The Exotic Tropical Flora Park () Also Exotic Tropical Flora Park and Our lady of Carmel Mission Is the name given to a complex formed by an old Catholic mission transformed into a museum, a Catholic chapel and a  botanical garden with more than 2,500 varieties of plants from Colombia, Ecuador, Brazil, Panama, Nicaragua, Madagascar, Costa Rica, Thailand, Singapore, China and Australia, mainly heliconias, gingers, bromeliads and orchids arranged in a journey of 4.5 kilometers located in the valley of the Yaracuy River, in the homonymous state of Venezuela.

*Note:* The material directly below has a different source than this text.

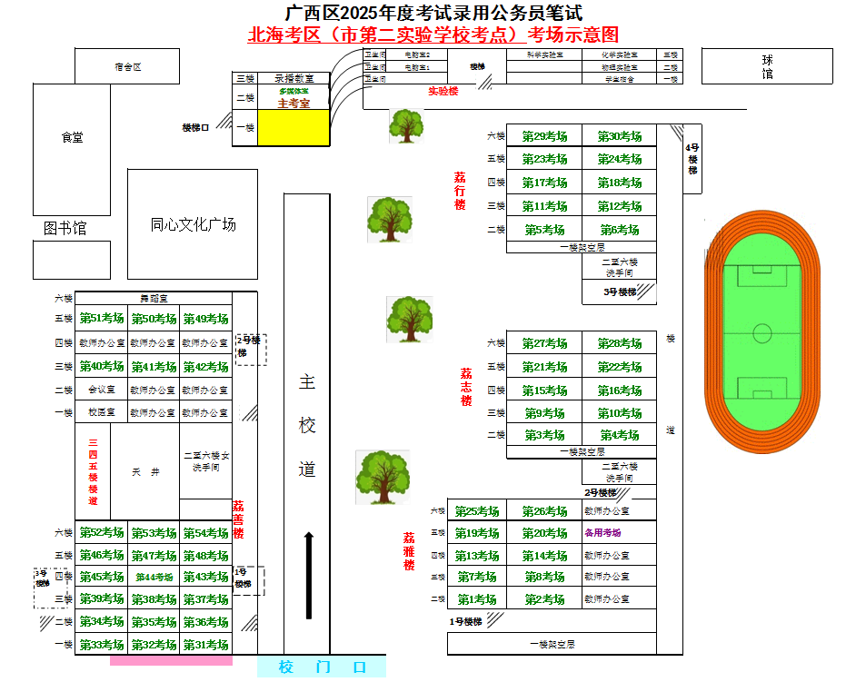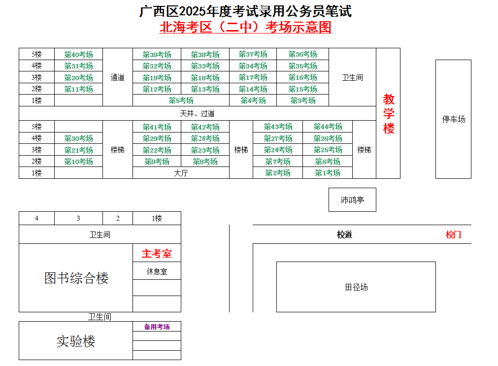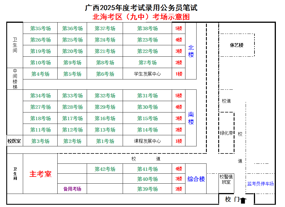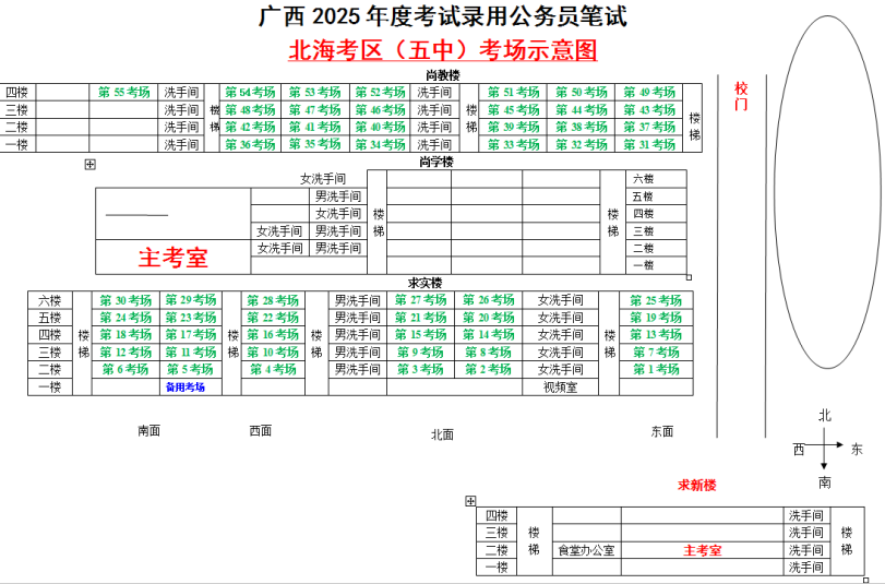 北??紖^(qū)共設置5個考點,具體考點考場布置分別如下: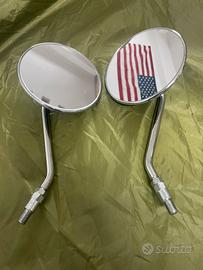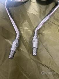 Coppia specchietti cromati tondi destro e sinistro nuovi omologati per moto custom dragstar virago vespa o scuter attacco universale regolabili girevoli.

The tour of the park is led by an expert who usually explains the origin of each species of the walk or can also acquire a book with all the specifications and go taking their own notes while walking the route. The guides of the park also direct the option of practicing canopy walking, a discipline that consists of "walking" through the trees through a safe mechanism of harnesses and pulleys.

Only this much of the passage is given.